There is also the fact that people often copy documentation exactly and use it which can cause problems. This has been seen with CloudFlare[1] and Cisco's documentation on ERSPAN.
it is not worth the possible problems and clean up operation required by using a prefix outside of RFC5737. This RFC was created to avoid the issues that I have mentioned and we should use it as intended wherever possible, including in AMRP/44net.
[1] https://www.youtube.com/watch?v=ZF_vsSPcMRo
On Mon, Apr 5, 2021 at 7:44 PM G1FEF via 44Net 44net@mailman.ampr.org wrote:
Hi Jason,
44.128.0.0/16 is reserved for testing and will never be allocated to anyone, unless we run out of space ;-)
I see no reason why you can’t use addresses from that block.
73, Chris
On 5 Apr 2021, at 19:19, Jason McCormick via 44Net <
44net@mailman.ampr.org> wrote:
To clarify where something is "AMPRNet" vs "Interent". For example, the
code I was going to post was specifically for handing out 44Net addresses for an OpenVPN IP pool. It seems confusing and odd to use the RFC5737 to document something specifically about AMPRNet like that.

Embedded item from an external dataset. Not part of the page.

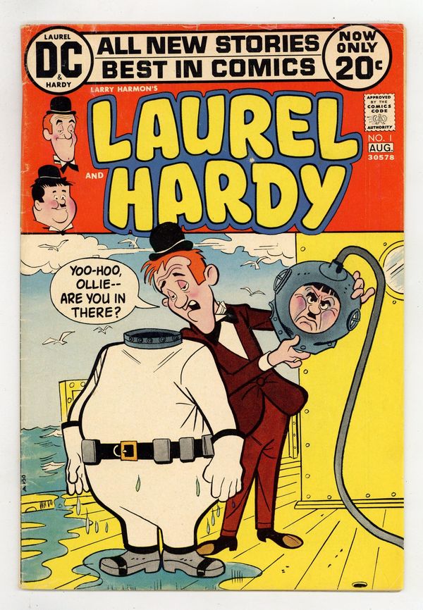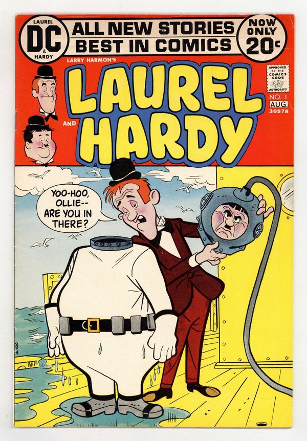 First and only issue of the series based on the Laurel and Hardy animated cartoons produced by Larry Harmon (aka Bozo the Clown). Stan and Ollie hide out in the desert after enraging a paleontologist. The boys are such poor private detectives that their pants get stolen. Art by Mike Sekowsky and Alan Kupperberg, among others. 36 pages, full color. Cover price $0.20.

-----Original Message----- From: 44Net 44net-bounces+jason=mfamily.org@mailman.ampr.org
On
Behalf Of Alistair Mackenzie via 44Net Sent: Monday, April 5, 2021 2:15 PM To: 44Net general discussion 44net@mailman.ampr.org Cc: Alistair Mackenzie magicsata@gmail.com Subject: Re: [44net] IP Ranges for Documentation
Jason,
Is there any reason that you are opposed to using the RFC5737 space?
This
seems like exactly the kind of thing the RFC is for.
Thanks, Alistair
On Mon, Apr 5, 2021 at 7:11 PM Jason McCormick via 44Net < 44net@mailman.ampr.org> wrote:
Is there an allocation for documentation similar to RFC 5737? I was going to upload some stuff to the GitLab server but I wanted to generalize it so people didn't just copy/paste deploy stuff with my IP allocations in it. I looked on the portal but couldn't find
anything.
If there isn't, I'd like to propose that two /24s get set aside for documentation out of 44.0.0.0/9 that don't seem ripe for future use such as 44.0.192.0/24 and 44.1.255.0/24.